Daniel Lucius "Doc" Adams' the Laws of Base Ball (1857) has sold for a record $3.2m at SCP Auctions.
The lot is now the world's most valuable baseball document, as well as being the third most valuable piece of sports memorabilia ever auctioned.
It lays out some of the key tenets of the game, including the distance from pitcher to batter and the settings of the bases.
It was only discovered recently, having been bought in a 1999 auction and archived. It realised $12,650 then - resulting in growth of 38.4% per annum.
Prior to that, most of the credit for the sport's development was given to Alexander Cartwright of the New York Knickerbockers Base Ball Club; who codified the Knickerbocker rules in 1860.

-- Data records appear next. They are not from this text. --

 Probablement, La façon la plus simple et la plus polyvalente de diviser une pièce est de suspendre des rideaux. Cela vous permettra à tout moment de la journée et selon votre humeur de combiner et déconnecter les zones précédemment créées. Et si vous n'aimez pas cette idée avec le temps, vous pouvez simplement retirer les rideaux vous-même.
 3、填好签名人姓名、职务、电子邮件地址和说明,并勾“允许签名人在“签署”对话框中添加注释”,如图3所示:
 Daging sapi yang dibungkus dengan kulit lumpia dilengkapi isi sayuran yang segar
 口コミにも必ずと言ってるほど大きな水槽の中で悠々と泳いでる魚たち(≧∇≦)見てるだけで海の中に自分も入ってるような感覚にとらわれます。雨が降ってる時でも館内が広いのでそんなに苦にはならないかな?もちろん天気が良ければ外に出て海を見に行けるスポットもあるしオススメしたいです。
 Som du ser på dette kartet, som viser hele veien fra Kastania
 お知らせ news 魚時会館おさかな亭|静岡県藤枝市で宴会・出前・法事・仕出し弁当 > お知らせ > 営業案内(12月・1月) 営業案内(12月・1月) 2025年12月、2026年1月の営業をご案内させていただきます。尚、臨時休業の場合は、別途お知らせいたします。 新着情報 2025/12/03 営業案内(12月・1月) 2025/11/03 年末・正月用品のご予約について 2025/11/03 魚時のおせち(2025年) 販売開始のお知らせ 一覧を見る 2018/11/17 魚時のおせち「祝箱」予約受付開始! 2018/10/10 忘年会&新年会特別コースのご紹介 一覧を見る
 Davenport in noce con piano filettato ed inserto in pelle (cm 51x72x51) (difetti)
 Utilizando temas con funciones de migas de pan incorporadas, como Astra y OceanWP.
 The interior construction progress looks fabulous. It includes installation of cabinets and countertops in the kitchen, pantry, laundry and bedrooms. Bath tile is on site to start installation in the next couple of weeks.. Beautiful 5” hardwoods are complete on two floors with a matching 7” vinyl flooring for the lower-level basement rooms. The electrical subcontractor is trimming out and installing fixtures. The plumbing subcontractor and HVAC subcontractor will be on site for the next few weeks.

The paper shows that Adams, president of the club in 1857, also deserves a share of the credit. His work predates Cartwright's rules by three years.

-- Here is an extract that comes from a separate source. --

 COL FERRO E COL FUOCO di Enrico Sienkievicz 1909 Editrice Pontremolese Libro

As baseball historian John Thorn explained in the run-up to the sale: "When Doc Adams set to work in late 1856, none of these aspects of the game were settled.
"This was some seven years after Cartwright had left New York for Hawaii, never to return.
"For his role in making baseball the success it is, Doc Adams may now be counted as first among the Founding Fathers of Baseball."
The lot is the latest founding sports document to sell for a major sum at auction. James Naismith's Rules of Basketball (1891) holds the record at $4.3m.
Babe Ruth's 1920s Yankees jersey is the most valuable piece of sports memorabilia. It auctioned for $4.4m in 1920.